-
Notifications
You must be signed in to change notification settings - Fork 1
Description
The ../corpora/.../plays/{playname}
endpoint (and maybe others) include information on the segments that are taken into account when generating network edges based on co-occurences of characters.
see https://dracor.org/api/v1/corpora/rus/plays/gogol-revizor for example:
"segments" : [ {
"type" : "scene",
"title" : "Действие первое | Явление I",
"speakers" : [ "gorodnichij", "ammos_fedorovich_ljapkin_tjapkin", "artemij_filippovich_zemljanika", "luka_lukich", "lekar" ],
"number" : 1
}, {
"type" : "scene",
"title" : "Действие первое | Явление II",
"speakers" : [ "pochtmejster", "gorodnichij", "ammos_fedorovich_ljapkin_tjapkin" ],
"number" : 2
}
Segments are extracted by the util function dutil:get-segments($play)

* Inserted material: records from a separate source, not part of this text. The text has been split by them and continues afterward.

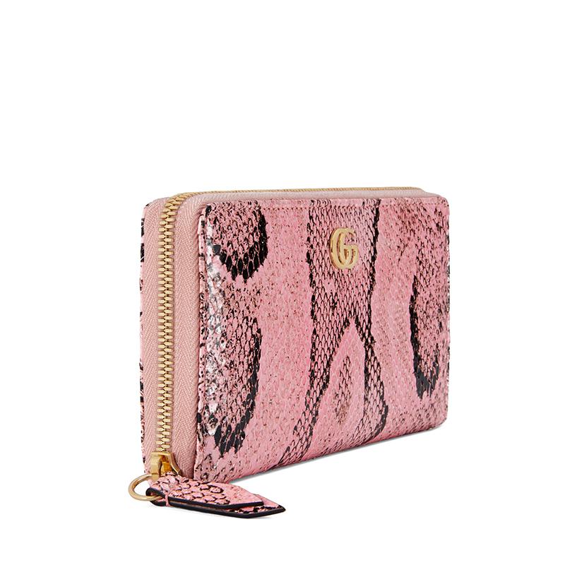【包税】GUCCI/古驰 2021春夏新款 GG Marmont系列 女士粉色蟒蛇皮双G拉链长钱包456117LU3XG5815
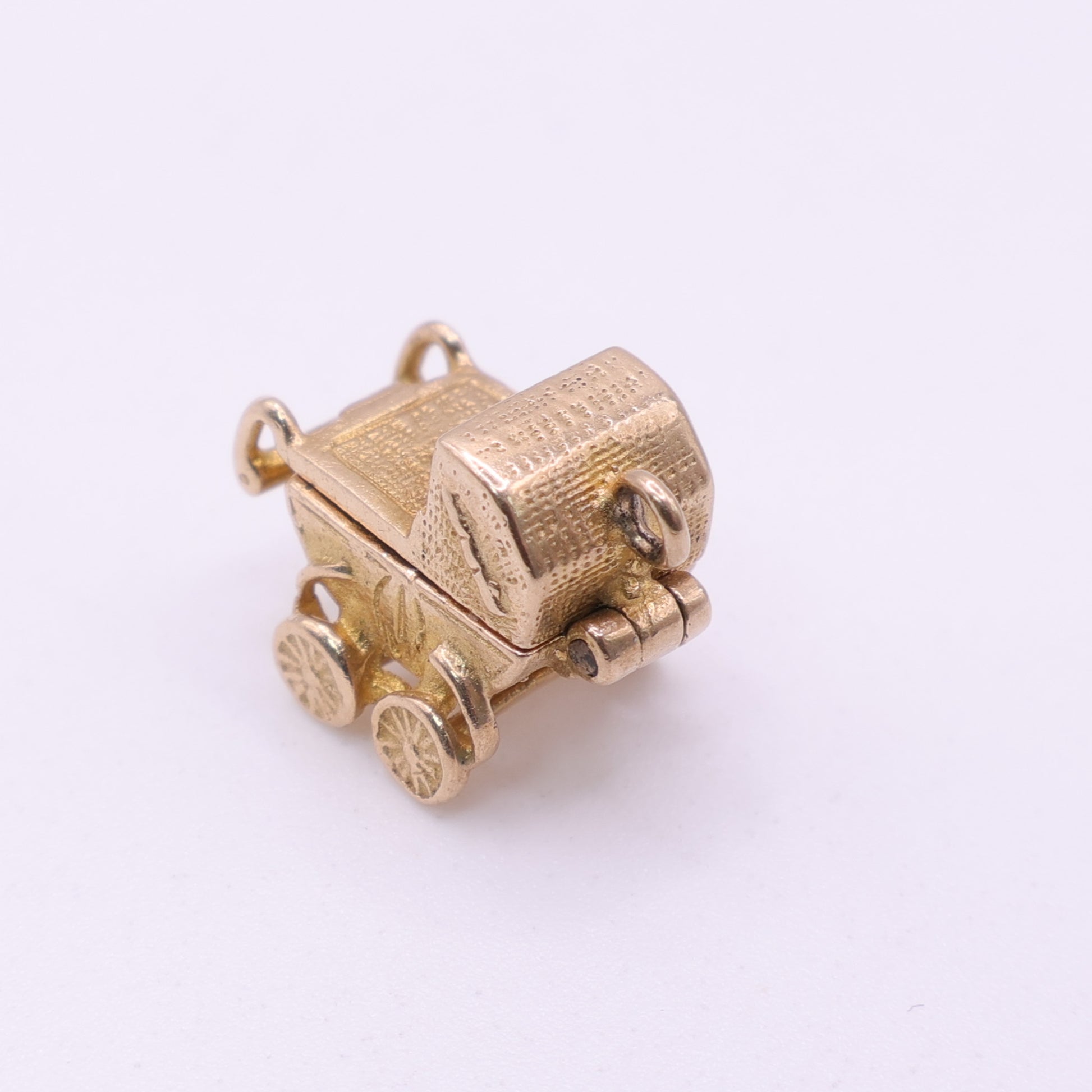 This second hand opening pram charm is made from solid 9ct yellow gold and is modelled as a traditional baby carriage with detailed wheels and handle. The charm opens on a hinge to reveal a small baby figure inside, with textured detailing to the exterior.
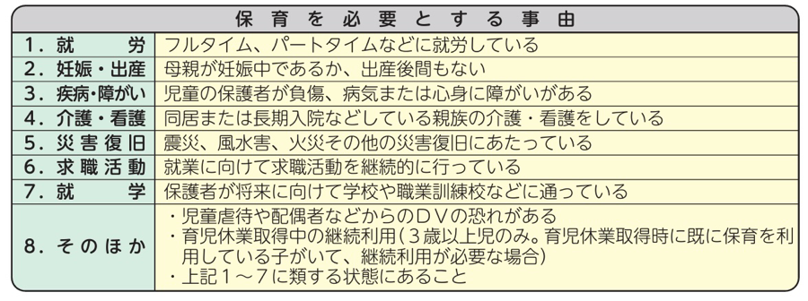 町内に住所(住民票)のある方で、児童の保護者(父、母)のいずれもが次の「保育を必要とする事由」のいずれかに該当し、家庭内で保育できない場合です。
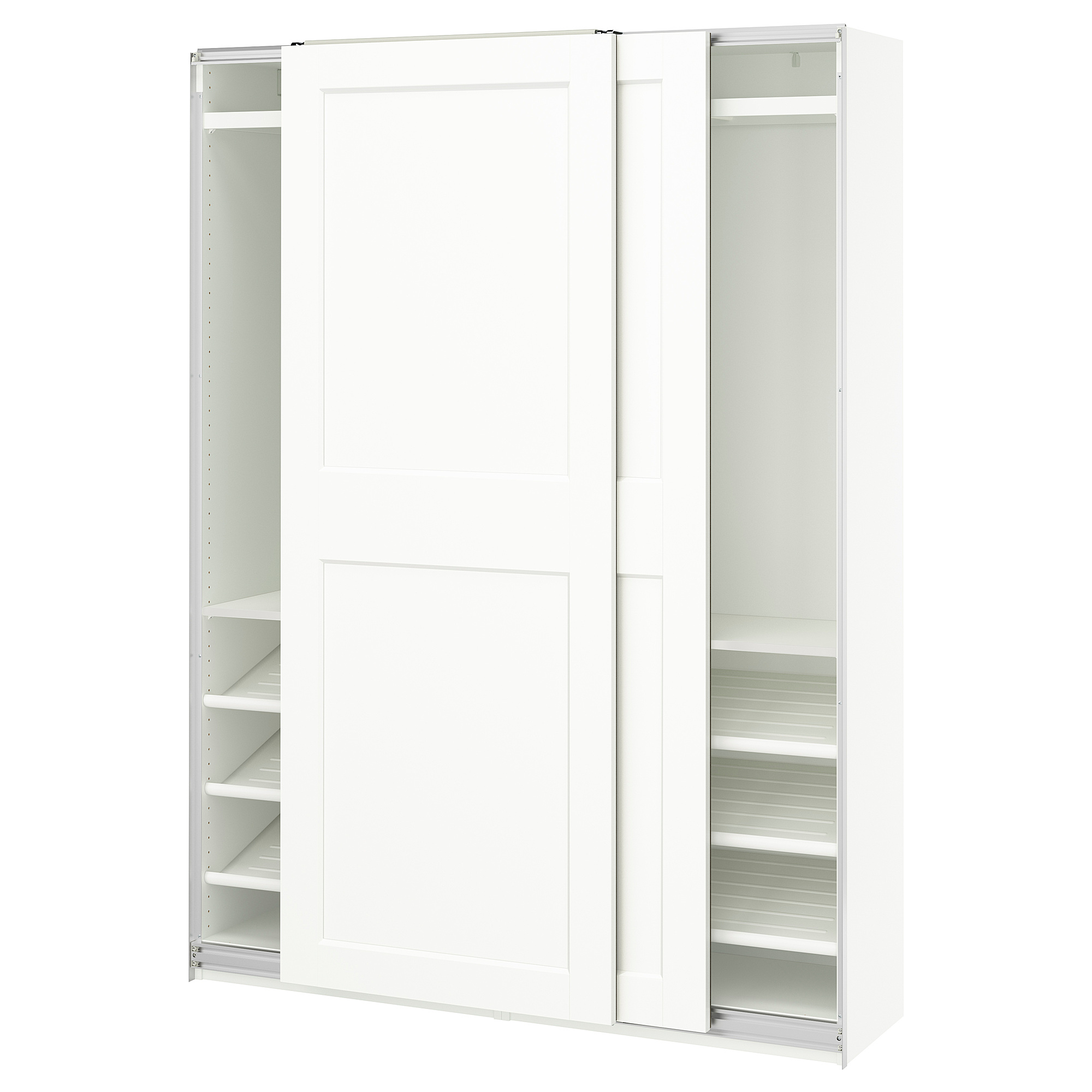 Гардероб с раздвижными дверями, белый, белый, 150x43x201 см IKEA PAX ПАКС, GRIMO ГРИМО включает в себя следующие материалы:
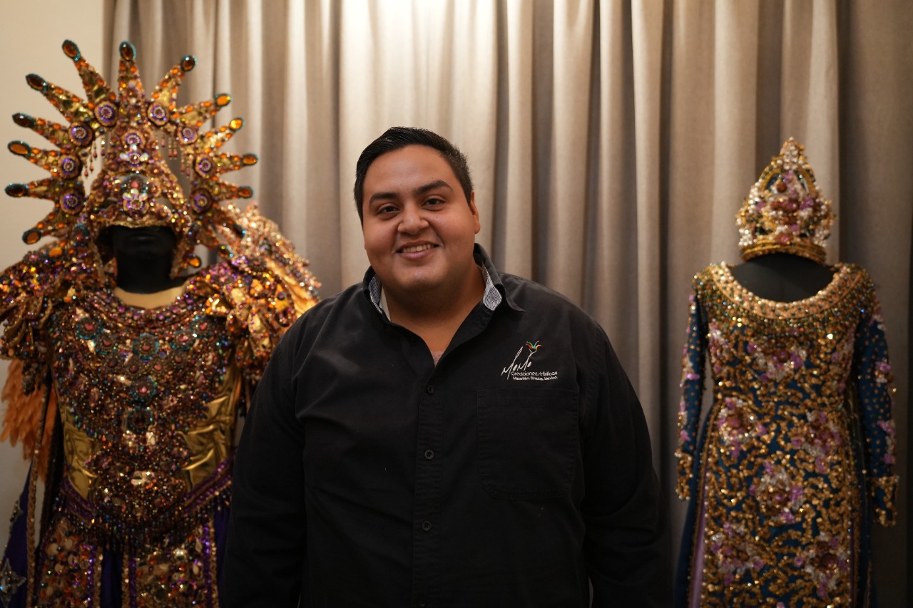Atento, sonriente y muy emocionado Luis Antonio Ríos González, diseñador y responsable de la confección del traje que portará el Rey del Carnaval de Mazatlán 2023, aguarda la primera pregunta.
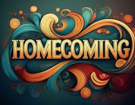Word ‘Homecoming’ written in stylized retro bubble script lettering
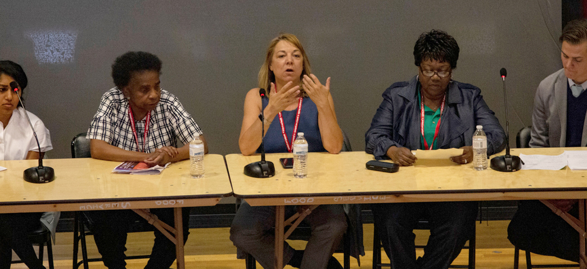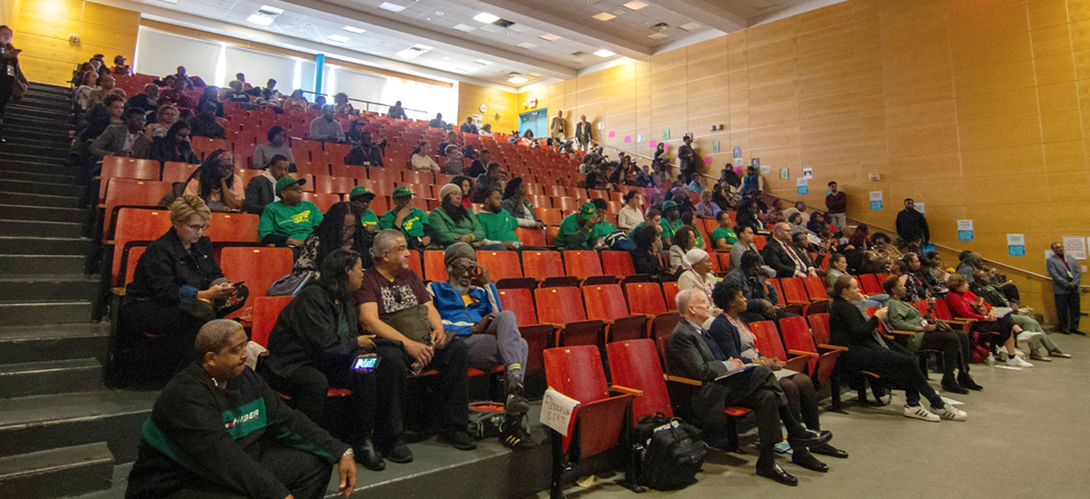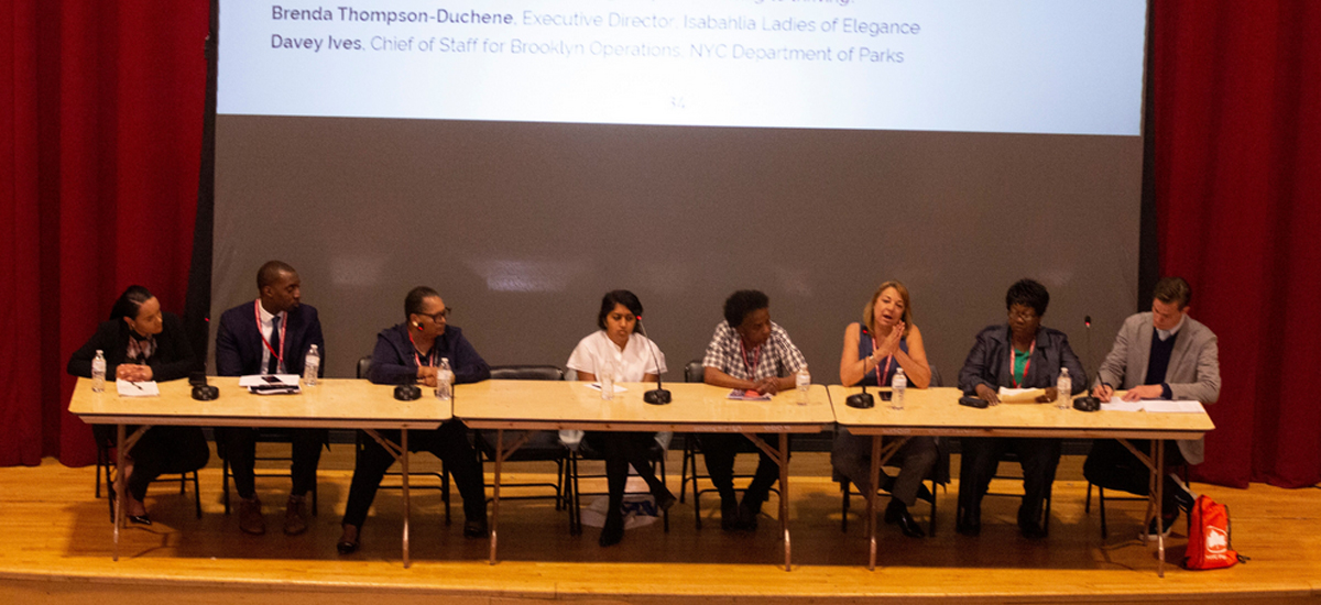 The East Brooklyn Call to Action for Health and Economic Justice was an opportunity for community leaders, activists, and advocates to come together and discuss taking ownership of the community’s health, housing, education, and future. The event was co-sponsored by 1199, One Brooklyn Health System, the NYC Center for Health Equity, DC37, the NY State Nurses Association, Community Care of Brooklyn, East Brooklyn Congregations, the Pitkin Avenue Business Improvement District, the Rogosin Institute, and BMS Family Health and Wellness Centers.

and then transformed into the API output (provided by dutil:get-play-info($corpusname, $playname)
)
let $segments := array {
for $segment at $pos in dutil:get-segments($tei)
let $heads :=
$segment/(ancestor::tei:div/tei:head,tei:head)
! functx:remove-elements-deep(., ('*:note'))
! normalize-space(.)
let $speakers := dutil:distinct-speakers($segment)
return map:merge((
map {
"type": $segment/@type/string(),
"number": $pos
},
if(count($heads)) then
map {"title": string-join($heads, ' | ')}
else (),
if(count($speakers)) then map:entry(
"speakers",
array { for $sp in $speakers return $sp }
) else ()
))
}
Could we add an additional identifier to the segment that would be the xPath of the TEI element <div>
?
I would like to use these identifier to "connect" the segment to the citable unit returned by the DTS endopoints (the $ref
identifiers are based on the element's xPath addresses)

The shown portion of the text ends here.